O que acarreta que o Tribunal da Relação, no Acórdão recorrido, decidiu correctamente não poder conhecer o recurso quanto à impugnação da matéria de facto.

Mas justificar-se-á a decisão de que o recurso foi interposto fora de prazo, ficando assim arredado também o seu conhecimento em matéria de direito?

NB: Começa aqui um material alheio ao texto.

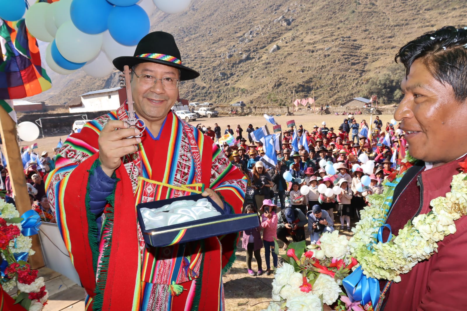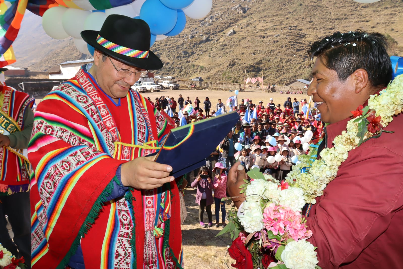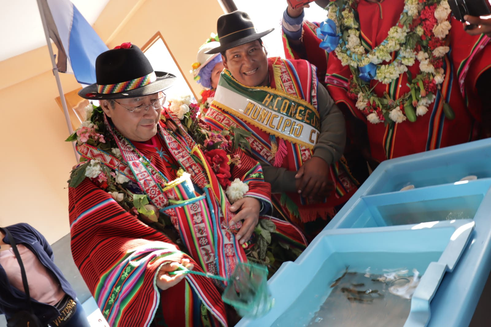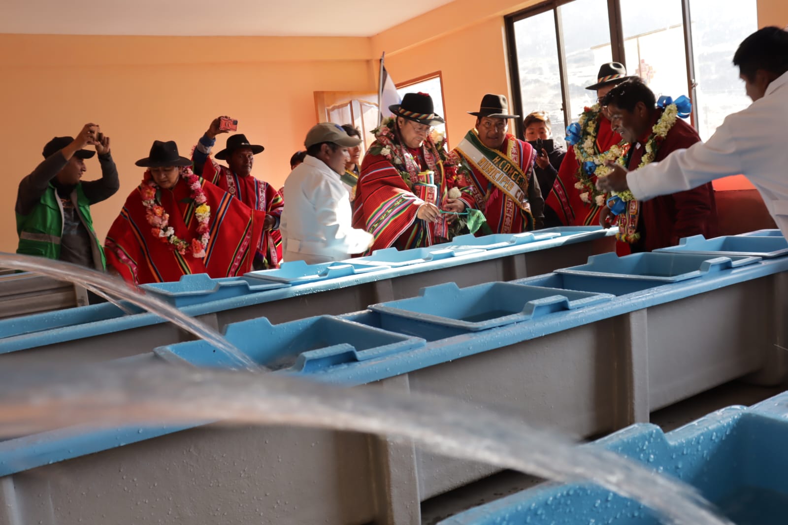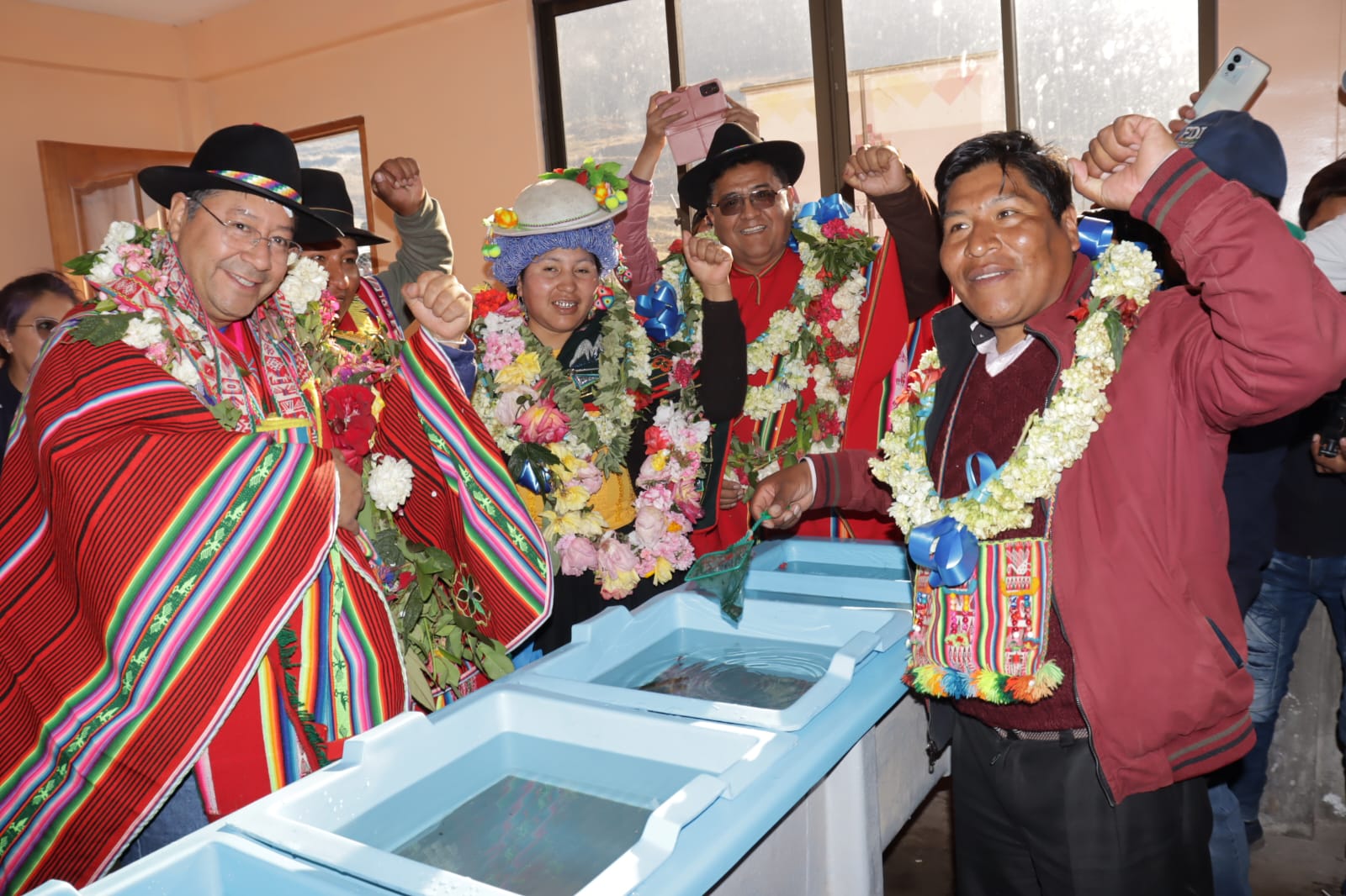 Presidente del Estado Luis Arce, entrega el mejoramiento del Sistema de Producción de Trucha, Construcción de Reservorios de Agua y Radio Bases en el municipio de Curva, La Paz. Fuente: Comunicación Presidencial

Na Conclusão XI afirma-se que “a assunção que é feita da publicação postada no facebook ao Eng.º. CC e que conduziu ao ilícito despedimento do trabalhador/recorrente, emergiu da associação feita e não sustentada e fundamentada em qualquer tipo de prova, a qual consta da Nota de Culpa”, acrescentando-se, ainda que “assunção esta, que o tribunal a quo acolheu de igual modo na sentença proferida, sem recurso a qualquer tipo de prova que lhe permitisse inferir tal facto” e rematando com a asserção de que “perpassa da prova testemunhal que, esta eventual associação a existir, resulta do conhecimento adquirido pelas testemunhas, no momento da verificação da existência dos presentes autos” (o sublinhado é nosso).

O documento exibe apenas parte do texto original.